According to the exit polls, the main opposition party Law and Justice has got an absolute majority in the Polish parliamentary elections held on Sunday.
The party headed by former Prime Minister Jaroslaw Kaczynski, has managed to get 39 percent of the votes polled and it has trounced the ruling Civic Platform which has been ruling the country since 2007 by a clear margin of 16 percent.
Prime Minister Ewa Kopacz has conceded the defeat and said,"The voters have punished us for our failures to come up to their standard. But in a democracy defeats and victories are part and parcel of the game. We will play our appropriate role of a main opposition party in the parliament."

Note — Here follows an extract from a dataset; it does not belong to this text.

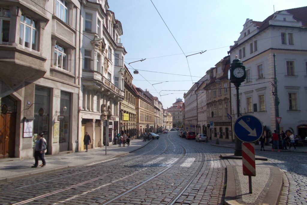 I Den Gamle By i Prag kendt for sine mange smalle, krogede veje, hvor du fæler byen.

Meanwhile, Law and Justice party has already nominated Beata Szydlo as its candidate for the prime minister post. An unknown figure till recently Szydlo was the chief campaign manager of the recently-elected President Andrzej Duda.
She fought a great campaign to come close to the winning post. Fifty-two-year-old Szydlo has come up to the top with her hardwork and dedication to Christian value system and the blessing of her party's leader.
For the first time in the Polish parliamentary election since 1989 women have dominated the election. Apart from Kopacz and Szydlo, the leftist front which failed to get the required eight percent vote, is headed by another lady, a computer programmer Barbara Nowacka.
It seems unpopular party barons have pushed women forward to capitalise on weariness with a male dominated political culture that has been defined by infighting drinking parties and scandals.
Women with their power, somehow, have gained more sympathy and humility in an atmosphere of otherwise abusive politics of Poland.
If Szydlo becomes the prime minister, she will be the third woman to hold the post.
Hanna Sachocka was the first Polish woman who became the prime minister way back in 1992 but she lasted only for fifteen months.
The present prime minister Kopacz got the top job in August 2014 when Donald Tusk, then prime minister got elected as the president of the European Union.
Apart from two main parties, three other small parties have managed to cross the threshold of five percent to enter the parliament.
The presence of the small parties has an added attraction to join the new government. There has always been a coalition government ever since the fall of communism in 1989.